Predicates are evaluated against each row of intermediate data from the previous query phase (the FROM clause for our query example in Figure 2.1). The intermediate data being presented to the WHERE clause will contain many data rows from order_med that are unfamiliar since they logically preceded the ultimate results displayed to us in Figure 2.2. A glimpse into those pre-WHERE clause data will help to illustrate the effect of our predicate expressions. See Figure 2.4 below for a theoretical sample of intermediate table results being presented to the WHERE clause from our query example in Figure 2.1. Stepping through the predicate expressions for each row from our theoretical sample data yields the following results:

  • Based on the example data in Figure 2.4, all rows would evaluate as TRUE against the first predicate from Figure 2.1 (ords.ordering_mode_c = 2);
  • Rows 1, 6, and 9–10 would evaluate as TRUE against the third predicate (ords.description LIKE 'meropenem%');
  • All rows would evaluate as FALSE against the second predicate (ords.ordering_date BETWEEN '20200501' AND '20200531').
  • Ultimately, all predicates must evaluate as TRUE for a given row of source data to be presented after the WHERE phase. If the example data in Figure 2.4 were the actual source rows presented to the WHERE clause in Figure 2.1, no rows would be presented to the SELECT phase. Predicate expressions evaluated against rows whose participant column expressions contain NULL values would be excluded. No such rows exist in Figure 2.4, but an example would be if a row contained a NULL value for ordering_date — the row would be excluded during the WHERE phase due to the second predicate ords.ordering_date BETWEEN '20200501' AND '20200531'.
Intermediate Data from Basic Query Example.

Figure 2.4: Intermediate Data from Basic Query Example.

2.3.3 Operators

Symbols specifying actions on expressions.

Various types of operators exist but operator types in the query example were arithmetic (*), comparison (=), logical (AND, BETWEEN, LIKE), and string (%).
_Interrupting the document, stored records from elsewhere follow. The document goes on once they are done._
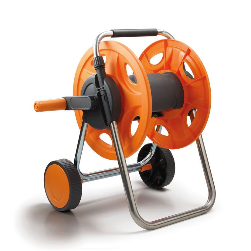 Carro portamanguera Water Cycle con estructura de acero inoxidable y bobina de plástico naranja, ideal para jardines y exteriores. Fácil de transportar gracias a sus ruedas y manija ergonómica. Organiza y protege tu manguera de jardín con estilo y funcionalidad.
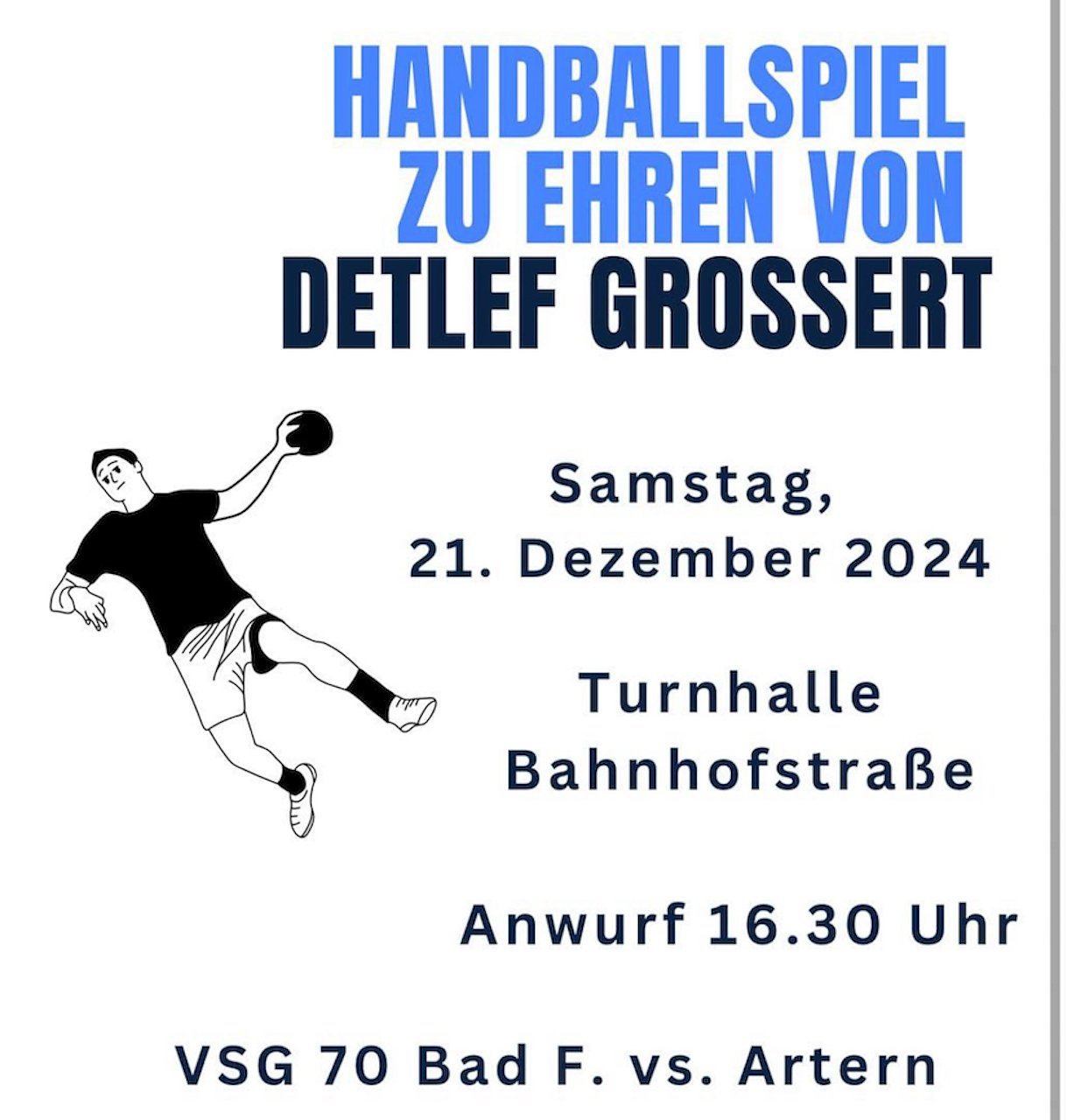 Am Samstag, den 21. Dezember findet in der Turnhalle, in der Bahnhofstrasse, in Bad Frankenhausen ein Handballspiel zu Ehren von Detlef Grossert statt. Es spielen der VSG 70 Bad Frankenhausen gegen Artern.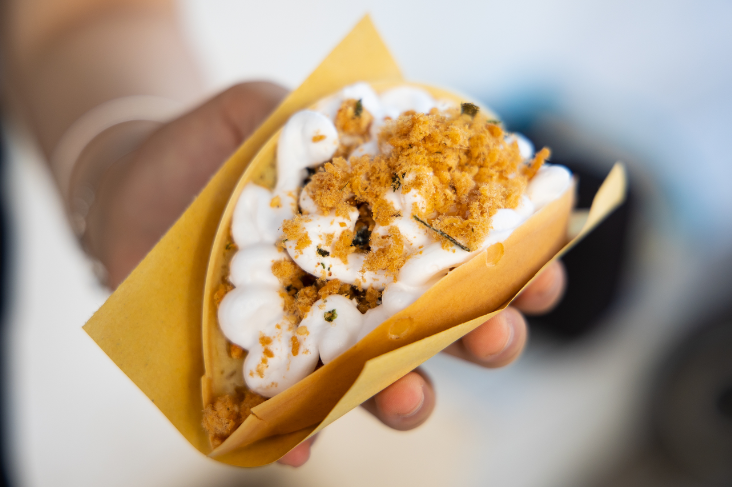 虽然老板有语言功能障碍,但是并不妨碍吃货们对美食的追捧。只见老板在小铜盘上倒一半面糊,盖上盖便静静等候美味的诞生。新鲜出炉的蛋烘糕,金黄绵软,加上经典的奶油和肉松,轻轻咬上一口,香味在口中弥漫,味蕾瞬间得到满足。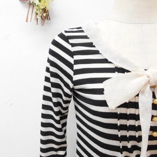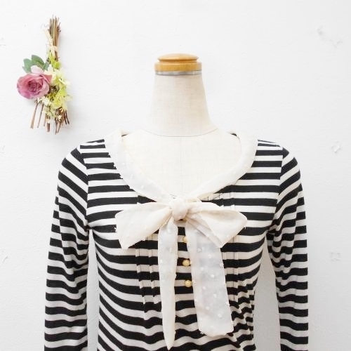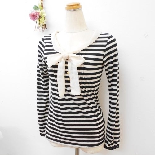 アロー ARROW レディース 春秋などに着て頂けそうな長袖Tシャツ・ブラウスです。お衿が別生地で薄いベージュ、白×黒のボーダー柄が素敵なトップスです。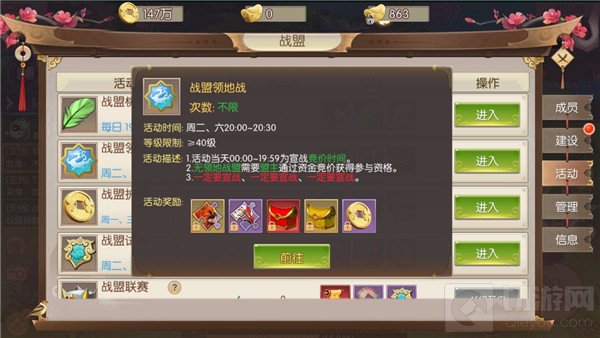 而战盟联赛则需要玩家以战盟的形式参与夺旗,战盟之间护卫对手展开夺旗战,夺旗数目最多、战力最强的三个战盟胜利后还可获得最强战盟称号。此外更有稀有战翼蝶恋花碎片、战盟贡献、战盟声望等丰富奖励,迫切想要提升战盟军衔的玩家不可错过。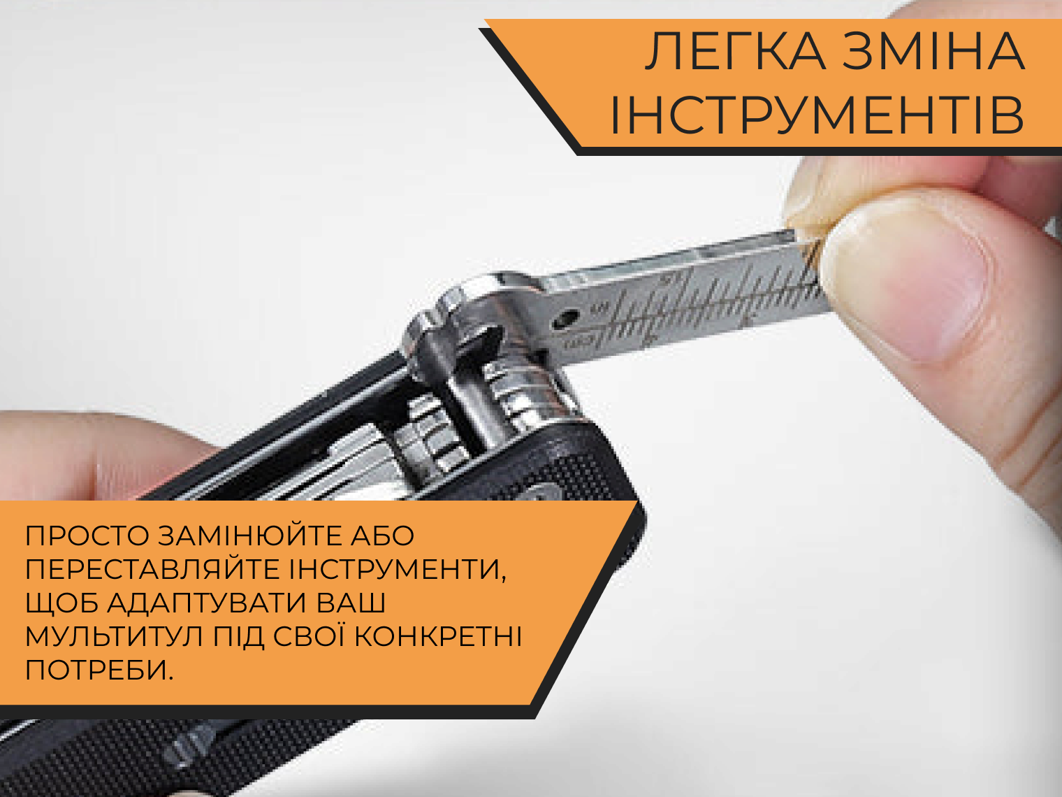 Мультитул має механізм фіксації, який блокує відкриті інструменти та виключає ймовірність випадкового складання під час роботи. Шорстка поверхня руківʼя G10 запобігає ковзанню у руці та гарантує надійний хват навіть при вологій долоні.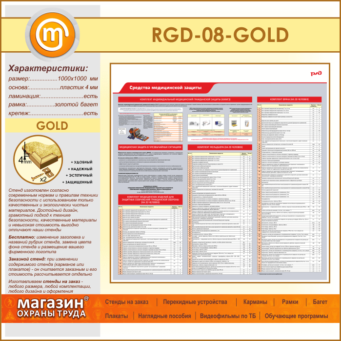 Стенд «Средства медицинской защиты» (RGD-08-GOLD) в Ижевске купить

2.3.4 Column and table aliases

User-defined alternative names for column or table names.

Column and table aliases must abide to SQL naming conventions (e.g., do not start with numbers, do not contain spaces, do not use reserved key words such as FROM or SELECT), otherwise the alias must be contained within brackets ([ ]). There are also some well described preferences within the SQL user community for naming conventions, including several popular style manuals, and even a dedicated ISO/IEC standard (ISO/IEC Joint Technical Committee 1/SC 32 2015), all of which will be covered in the section on

Table aliases can be referenced in subsequent query phases (e.g., in the SELECT phase when specifying column expressions like in Figure 2.1). For DBIs, column aliases are generally used for display or reporting purposes or referencing in complex expressions (e.g., queries with multiple SELECT statements that utilize previous query output for calculations).

Briefly, for Figure 2.1, ords.description was changed to medication and ords.hv_discrete_dose was changed to ordered_dose for clarity and preference — depending on the DBA, some RDMBS’s adopt less human-readable table and column names, which is often unacceptable for communicating results to others and can even be difficult for the individual SQL user to interpret their own code. Also note that the SELECT clause is followed by the ORDER BY clause; so, column aliases from the former query phase can be referenced in the latter.